PROVIDED DATA ::
====

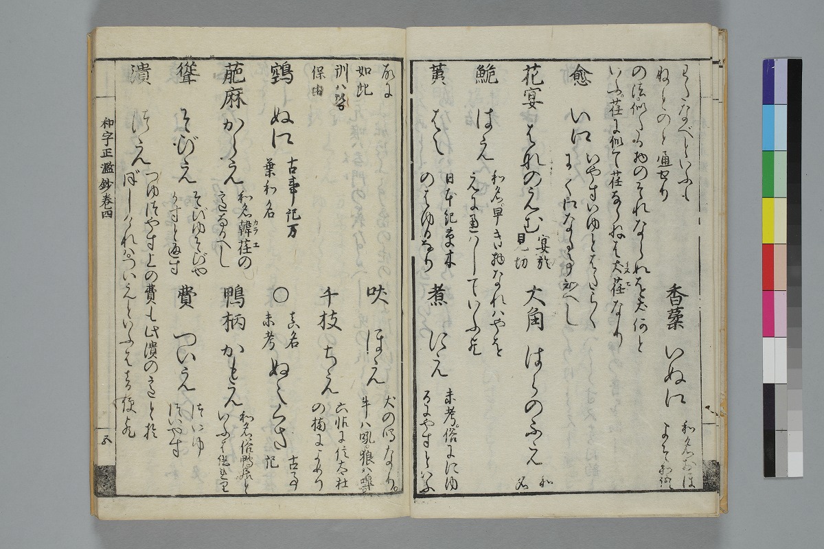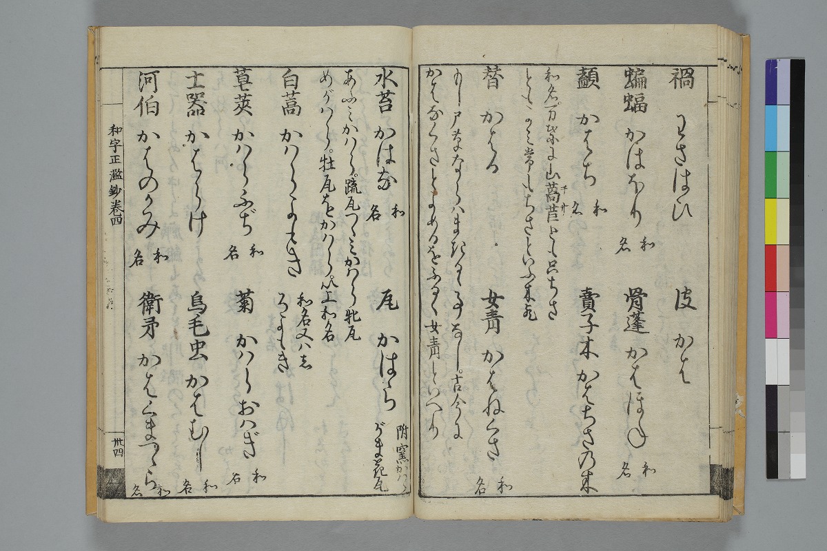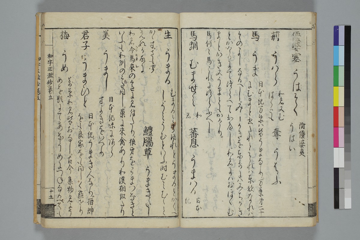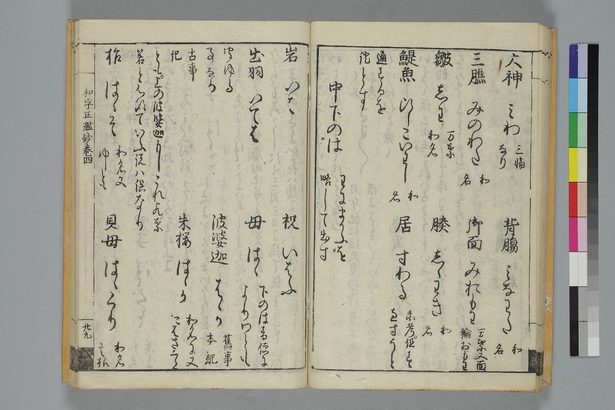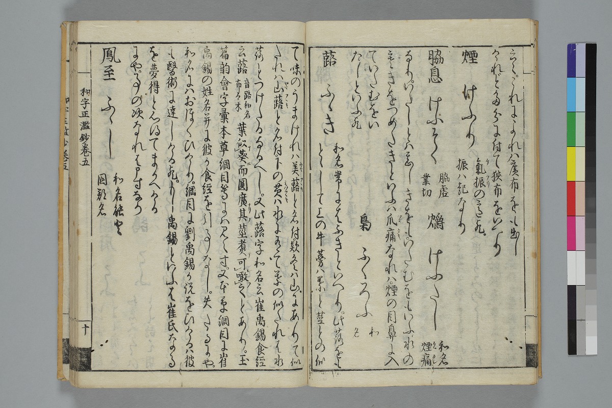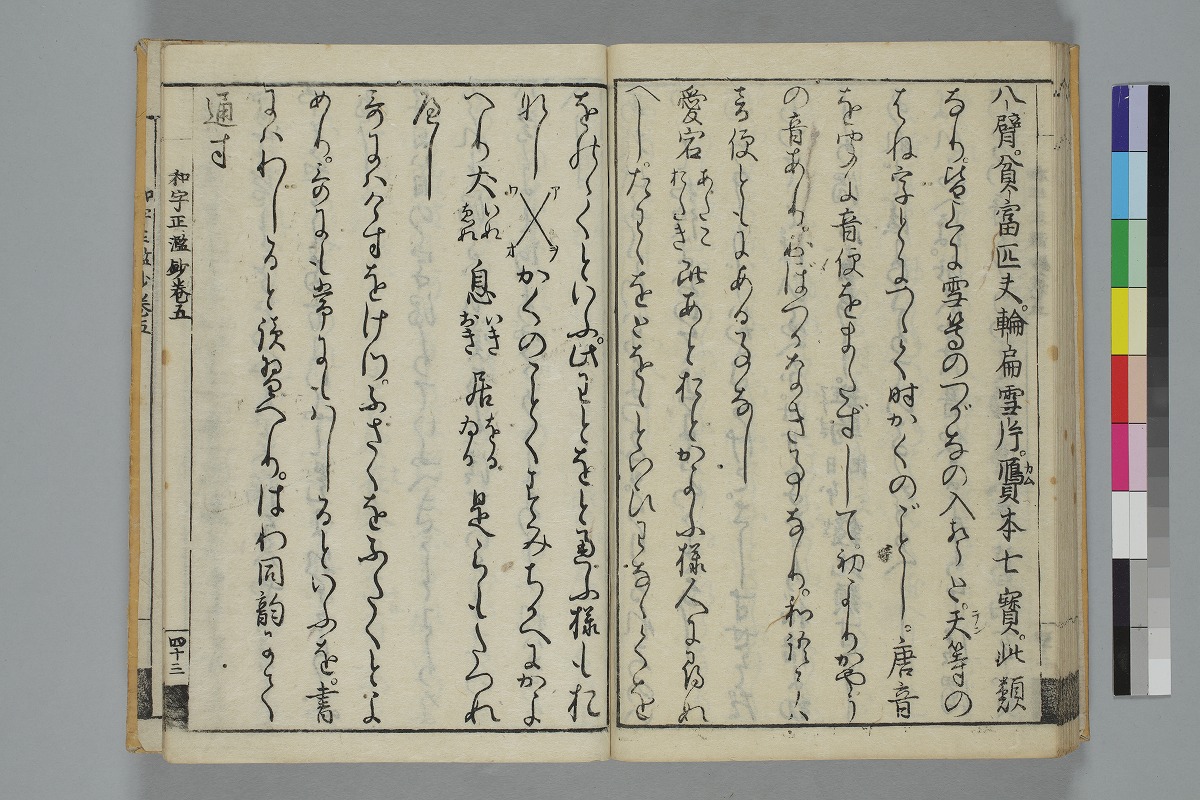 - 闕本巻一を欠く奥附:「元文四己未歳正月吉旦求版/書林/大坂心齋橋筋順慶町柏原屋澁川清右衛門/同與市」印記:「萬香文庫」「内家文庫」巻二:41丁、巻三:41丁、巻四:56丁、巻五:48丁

====

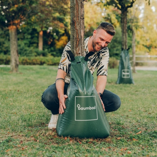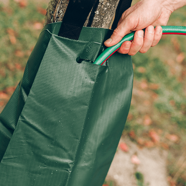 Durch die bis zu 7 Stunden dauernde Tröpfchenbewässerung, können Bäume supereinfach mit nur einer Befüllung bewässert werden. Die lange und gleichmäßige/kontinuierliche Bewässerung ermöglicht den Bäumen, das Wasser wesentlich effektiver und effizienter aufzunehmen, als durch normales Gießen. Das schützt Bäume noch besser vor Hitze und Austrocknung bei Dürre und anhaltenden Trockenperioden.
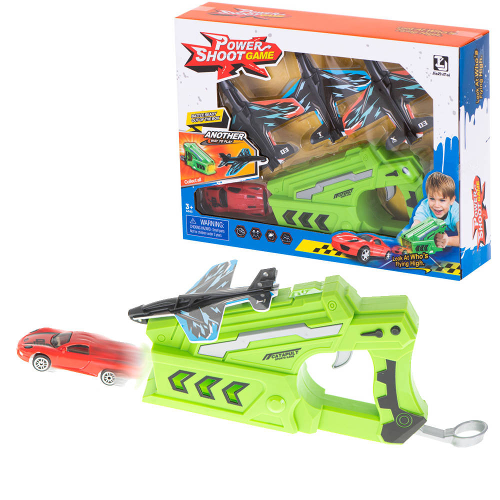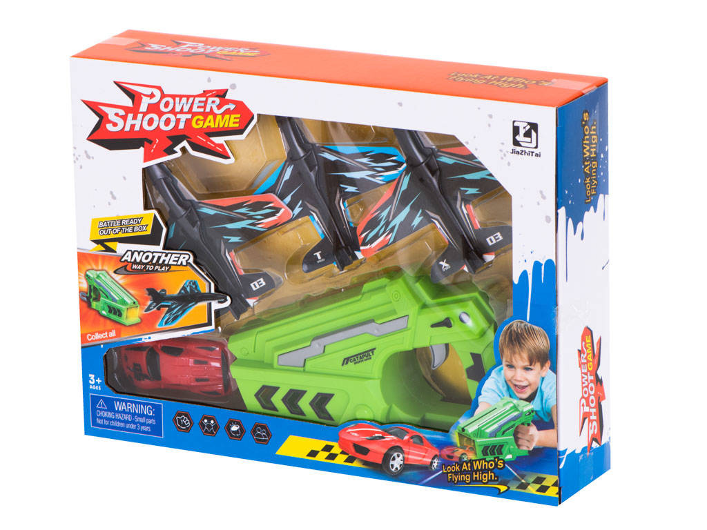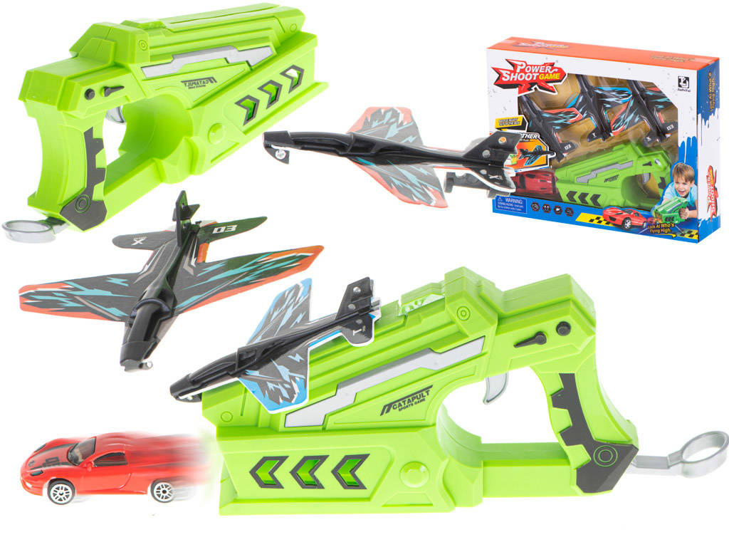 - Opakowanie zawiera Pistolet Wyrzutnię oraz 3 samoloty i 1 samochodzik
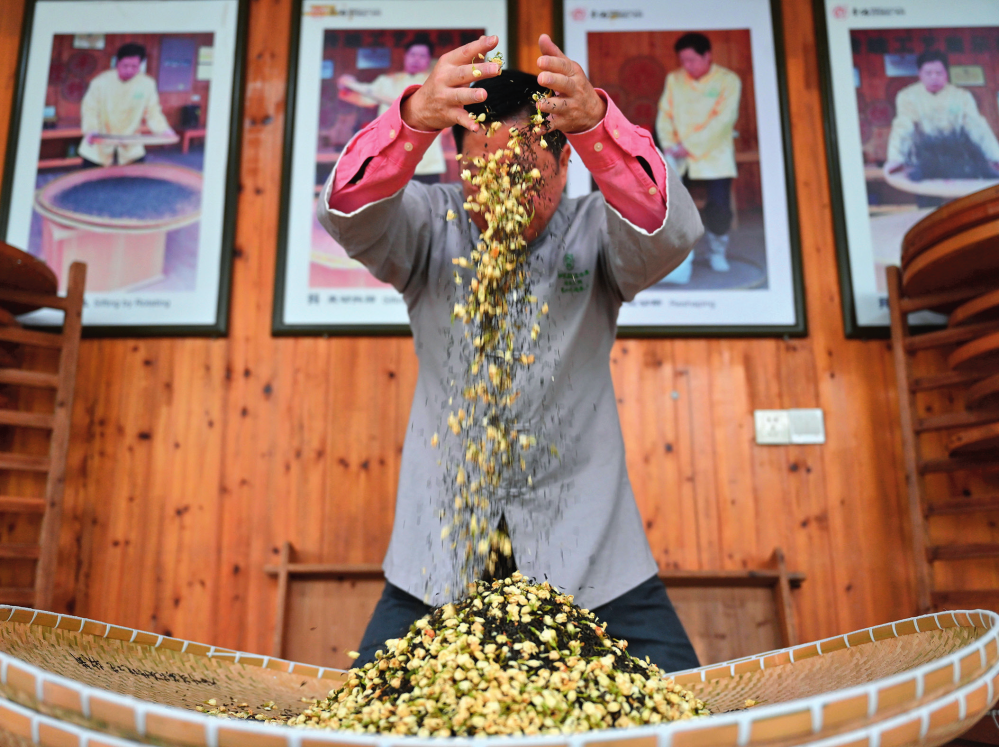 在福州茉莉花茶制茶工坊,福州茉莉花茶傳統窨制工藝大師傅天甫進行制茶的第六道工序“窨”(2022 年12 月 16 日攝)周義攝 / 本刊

====

WHAT THIS TASK INVOLVES :: Within the listing above, print exactly the stretch beginning at the line that contains "- Opakowanie zawiera" and finishing at the line that contains "日攝)周義攝 / 本刊", ends kept, pictures left out, and nothing more.

ANSWER BOX ::
 - Opakowanie zawiera Pistolet Wyrzutnię oraz 3 samoloty i 1 samochodzik
 在福州茉莉花茶制茶工坊,福州茉莉花茶傳統窨制工藝大師傅天甫進行制茶的第六道工序“窨”(2022 年12 月 16 日攝)周義攝 / 本刊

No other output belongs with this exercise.